ACTION ITEM:
The answer must be the lines from the one that holds "η Ιωάννα Τούνη." through the final line of the data, copied exactly, with no pictures.

[Items from a data source]
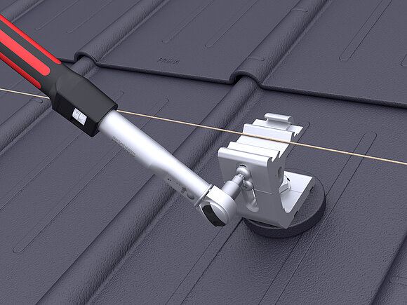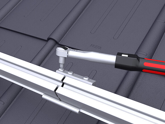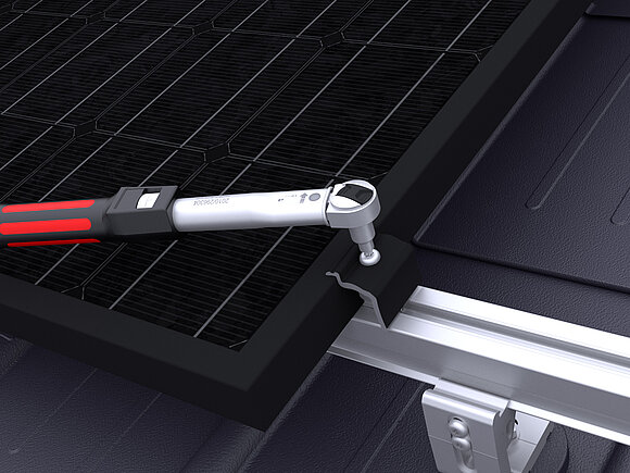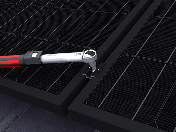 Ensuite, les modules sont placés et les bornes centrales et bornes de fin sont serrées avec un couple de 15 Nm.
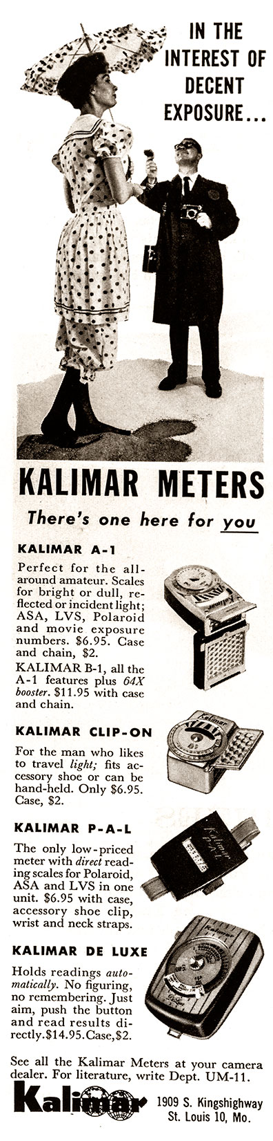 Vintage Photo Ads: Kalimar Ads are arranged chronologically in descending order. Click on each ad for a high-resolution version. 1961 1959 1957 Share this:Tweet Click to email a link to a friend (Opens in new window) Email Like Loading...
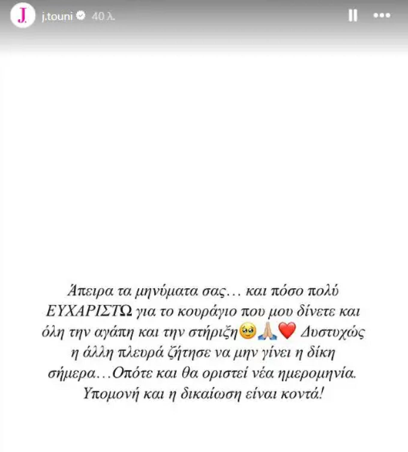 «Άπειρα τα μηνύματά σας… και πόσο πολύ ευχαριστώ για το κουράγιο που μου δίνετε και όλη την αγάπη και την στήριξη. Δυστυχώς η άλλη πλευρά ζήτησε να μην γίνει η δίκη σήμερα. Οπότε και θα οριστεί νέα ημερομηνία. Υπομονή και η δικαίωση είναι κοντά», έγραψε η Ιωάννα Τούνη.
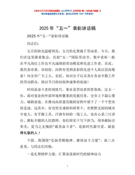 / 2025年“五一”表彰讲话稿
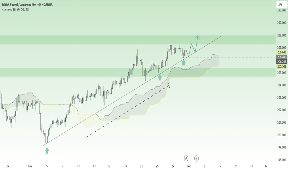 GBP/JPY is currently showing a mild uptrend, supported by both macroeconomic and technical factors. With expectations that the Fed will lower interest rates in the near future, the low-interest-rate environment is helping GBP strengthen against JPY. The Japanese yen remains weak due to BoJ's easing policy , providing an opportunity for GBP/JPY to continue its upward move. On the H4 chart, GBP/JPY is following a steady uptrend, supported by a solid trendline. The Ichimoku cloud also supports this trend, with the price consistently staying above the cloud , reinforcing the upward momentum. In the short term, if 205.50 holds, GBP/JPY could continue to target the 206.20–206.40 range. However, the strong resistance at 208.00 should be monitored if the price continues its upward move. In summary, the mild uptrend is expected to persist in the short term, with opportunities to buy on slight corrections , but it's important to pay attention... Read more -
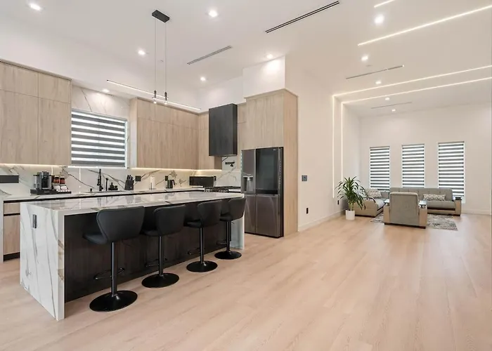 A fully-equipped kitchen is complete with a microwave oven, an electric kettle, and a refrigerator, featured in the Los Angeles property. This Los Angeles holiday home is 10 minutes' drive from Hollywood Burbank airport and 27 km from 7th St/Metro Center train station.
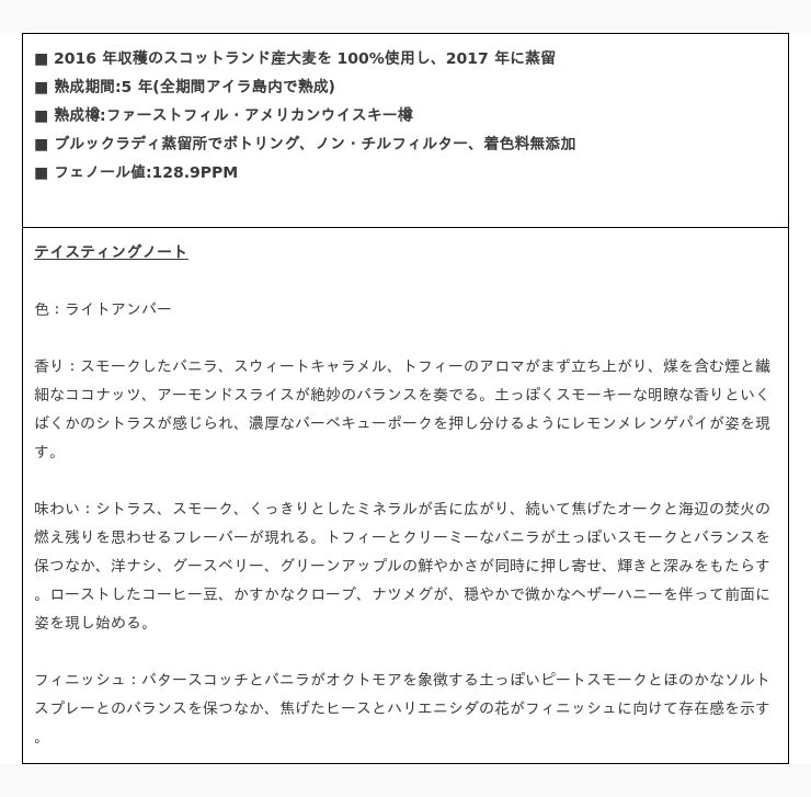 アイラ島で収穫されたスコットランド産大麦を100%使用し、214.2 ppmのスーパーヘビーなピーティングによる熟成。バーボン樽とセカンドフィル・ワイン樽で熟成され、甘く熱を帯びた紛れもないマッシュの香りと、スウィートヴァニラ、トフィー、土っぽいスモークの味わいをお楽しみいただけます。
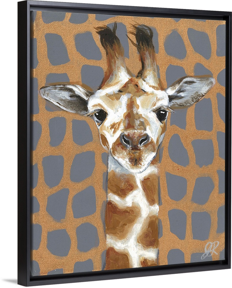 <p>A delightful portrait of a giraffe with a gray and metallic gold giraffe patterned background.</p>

YOUR RESPONSE:
 «Άπειρα τα μηνύματά σας… και πόσο πολύ ευχαριστώ για το κουράγιο που μου δίνετε και όλη την αγάπη και την στήριξη. Δυστυχώς η άλλη πλευρά ζήτησε να μην γίνει η δίκη σήμερα. Οπότε και θα οριστεί νέα ημερομηνία. Υπομονή και η δικαίωση είναι κοντά», έγραψε η Ιωάννα Τούνη.
 / 2025年“五一”表彰讲话稿
 GBP/JPY is currently showing a mild uptrend, supported by both macroeconomic and technical factors. With expectations that the Fed will lower interest rates in the near future, the low-interest-rate environment is helping GBP strengthen against JPY. The Japanese yen remains weak due to BoJ's easing policy , providing an opportunity for GBP/JPY to continue its upward move. On the H4 chart, GBP/JPY is following a steady uptrend, supported by a solid trendline. The Ichimoku cloud also supports this trend, with the price consistently staying above the cloud , reinforcing the upward momentum. In the short term, if 205.50 holds, GBP/JPY could continue to target the 206.20–206.40 range. However, the strong resistance at 208.00 should be monitored if the price continues its upward move. In summary, the mild uptrend is expected to persist in the short term, with opportunities to buy on slight corrections , but it's important to pay attention... Read more -
 A fully-equipped kitchen is complete with a microwave oven, an electric kettle, and a refrigerator, featured in the Los Angeles property. This Los Angeles holiday home is 10 minutes' drive from Hollywood Burbank airport and 27 km from 7th St/Metro Center train station.
 アイラ島で収穫されたスコットランド産大麦を100%使用し、214.2 ppmのスーパーヘビーなピーティングによる熟成。バーボン樽とセカンドフィル・ワイン樽で熟成され、甘く熱を帯びた紛れもないマッシュの香りと、スウィートヴァニラ、トフィー、土っぽいスモークの味わいをお楽しみいただけます。
 <p>A delightful portrait of a giraffe with a gray and metallic gold giraffe patterned background.</p>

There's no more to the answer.